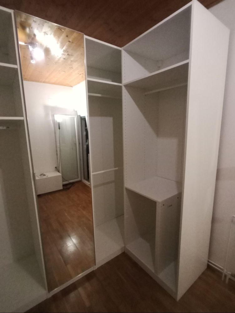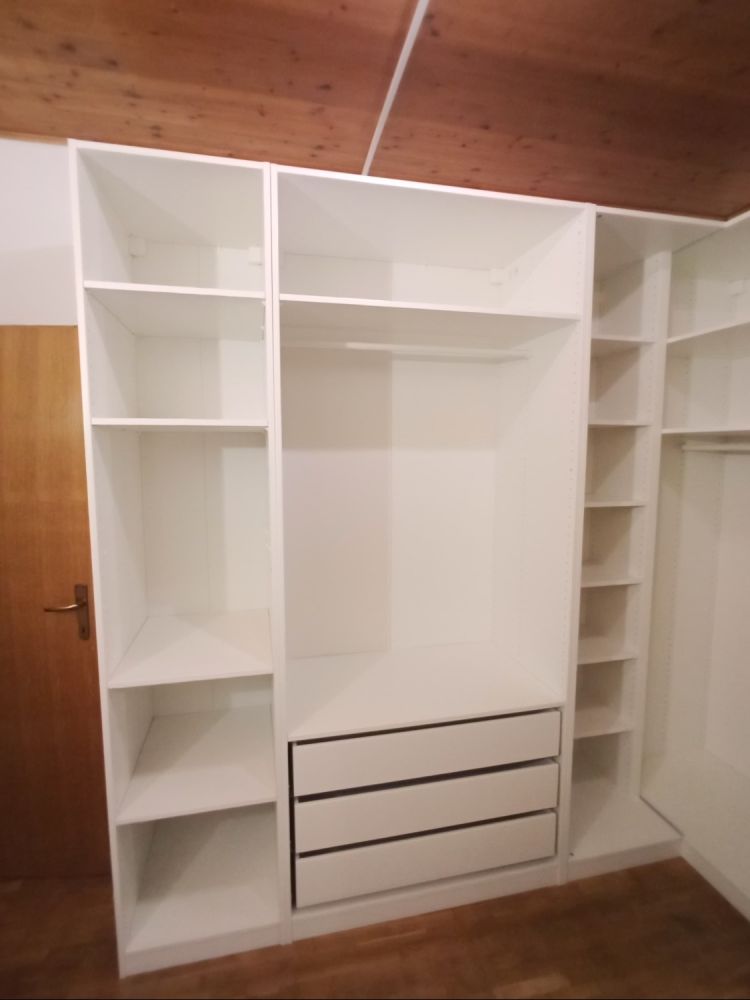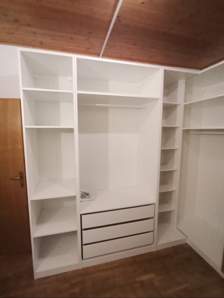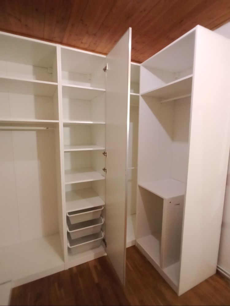 U ovom projektu imali smo zadovoljstvo transformirati dio sobe našeg klijenta u funkcionalan i elegantan walk-in ormar koristeći prilagodljivi Ikea PAX sustav. Bijela boja ormara doprinosi prozračnosti i svjetlini prostora, stvarajući osjećaj prostranosti i čistoće.
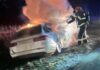 Mașina care a luat foc la Zamostea după ce a lovit...
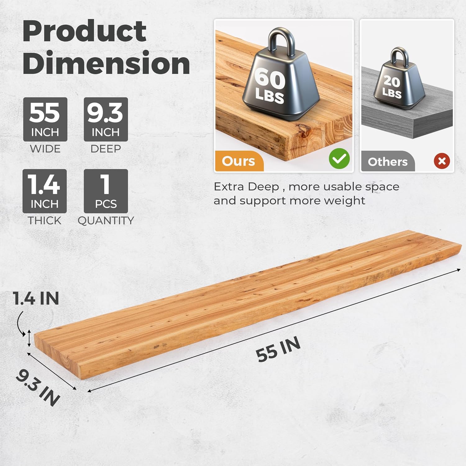 - 9.3" DEEP-MORE SPACE&MORE TIDINESS: Measuring 9.3 inches deep and 1.4 inches thick, the floating wood shelves perfect for various scenes and have a strong storage capacity, from books and photos to small plants. Perfect for any room in your home, including living rooms, offices, kitchens, and more
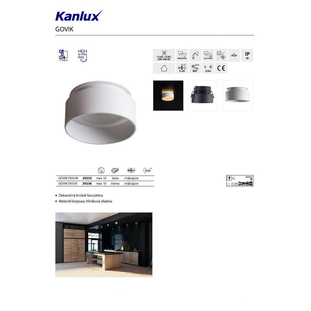 Декоративна луна за вграден монтаж Kanlux GOVIK DSO-B 29236, черно кръгло тяло, съвместимо с всички led лунички MR16, без лампа в коплекта
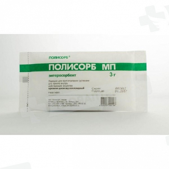 Торговое название препарата: Полисорб МПМеждународное непатентованное название или группировочное название: Кремния диоксид коллоидныйЛекарственная форма: порошок для приготовления суспензии для приема внутрь
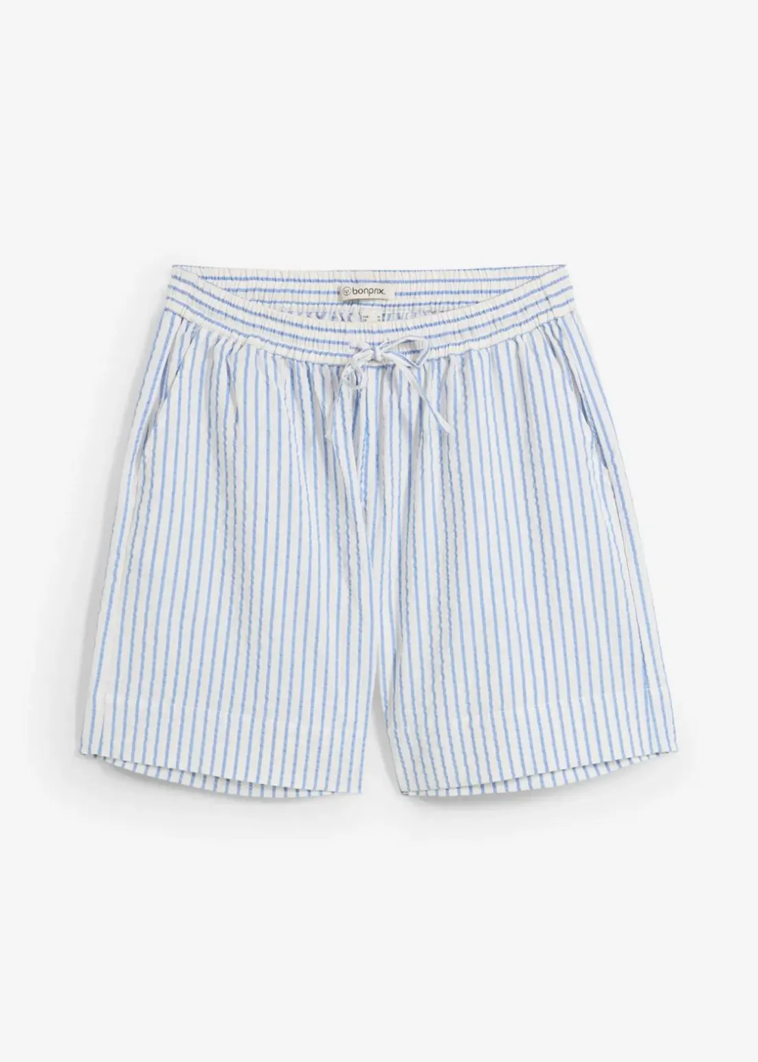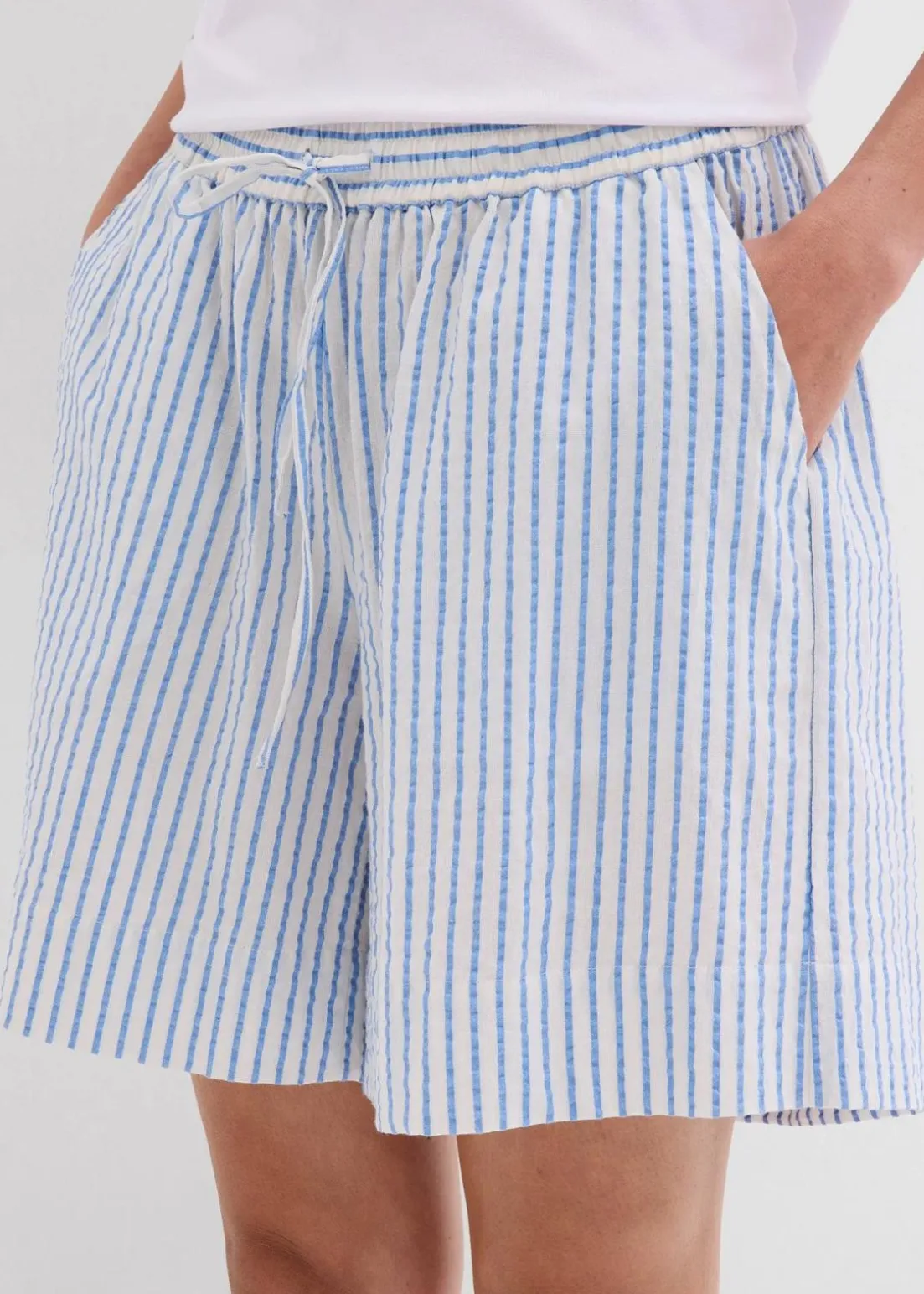Shorts mit luftiger Seersucker-Textur mit elastischem Bund und Kordelzug, der ein Verstellen der Passform ermöglicht
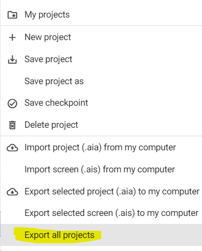 “Export All Projects” also exports the keystore along with all the projects’ AIA files. So, if someone wants to take a backup, then this is the right option.
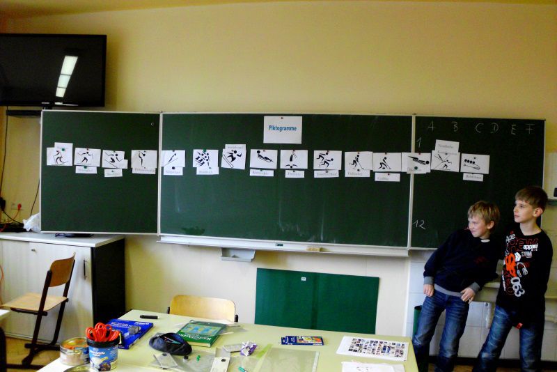 Die diesjährige Projektwoche stand unter dem Thema „Olympia“ und lag damit genau in dem Zeitraum, in welchem im russischen Sotschi die Olympischen Winterspiele stattfanden. An insgesamt elf Stationen konnten die Schüler des Ev. Gymnasium Leukersdorf das Projektthema entdecken. Zum Einstieg gab es ein gemeinsames Schlittschuhlaufen in Chemnitz

• [TASK DESCRIPTION] Word for word, give again the lines from the first entry to the line with "Mașina care a", inclusive. Exclude the pictures.

• [PROBLEM SOLUTION]
 U ovom projektu imali smo zadovoljstvo transformirati dio sobe našeg klijenta u funkcionalan i elegantan walk-in ormar koristeći prilagodljivi Ikea PAX sustav. Bijela boja ormara doprinosi prozračnosti i svjetlini prostora, stvarajući osjećaj prostranosti i čistoće.
 Mașina care a luat foc la Zamostea după ce a lovit...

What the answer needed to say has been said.